** Opening Records to use block **
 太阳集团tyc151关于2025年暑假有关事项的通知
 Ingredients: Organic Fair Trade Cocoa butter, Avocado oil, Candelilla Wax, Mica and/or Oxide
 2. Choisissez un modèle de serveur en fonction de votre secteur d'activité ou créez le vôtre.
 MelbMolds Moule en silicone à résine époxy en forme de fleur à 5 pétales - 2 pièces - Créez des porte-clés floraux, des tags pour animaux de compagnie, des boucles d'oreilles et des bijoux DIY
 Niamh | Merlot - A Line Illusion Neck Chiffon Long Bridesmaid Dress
** Closing Records to use block **
** Opening Records to use block **
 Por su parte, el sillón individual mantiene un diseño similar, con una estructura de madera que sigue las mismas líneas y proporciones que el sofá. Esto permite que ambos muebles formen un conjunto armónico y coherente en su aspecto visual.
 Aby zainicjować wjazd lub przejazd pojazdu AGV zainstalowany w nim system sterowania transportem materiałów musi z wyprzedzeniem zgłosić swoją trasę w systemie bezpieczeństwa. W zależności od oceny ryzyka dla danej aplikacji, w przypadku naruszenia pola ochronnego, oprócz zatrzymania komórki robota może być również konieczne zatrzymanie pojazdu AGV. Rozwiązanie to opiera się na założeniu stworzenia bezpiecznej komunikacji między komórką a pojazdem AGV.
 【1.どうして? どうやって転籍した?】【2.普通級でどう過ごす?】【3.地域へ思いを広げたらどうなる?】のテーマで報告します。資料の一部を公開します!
** Closing Records to use block **
*Exercise*: Referring to the material above, set down exactly the lines between the line with "MelbMolds Moule en" and the line with "Niamh | Merlot", inclusive, and no other lines.

*Output for this exercise*:
 MelbMolds Moule en silicone à résine époxy en forme de fleur à 5 pétales - 2 pièces - Créez des porte-clés floraux, des tags pour animaux de compagnie, des boucles d'oreilles et des bijoux DIY
 Niamh | Merlot - A Line Illusion Neck Chiffon Long Bridesmaid Dress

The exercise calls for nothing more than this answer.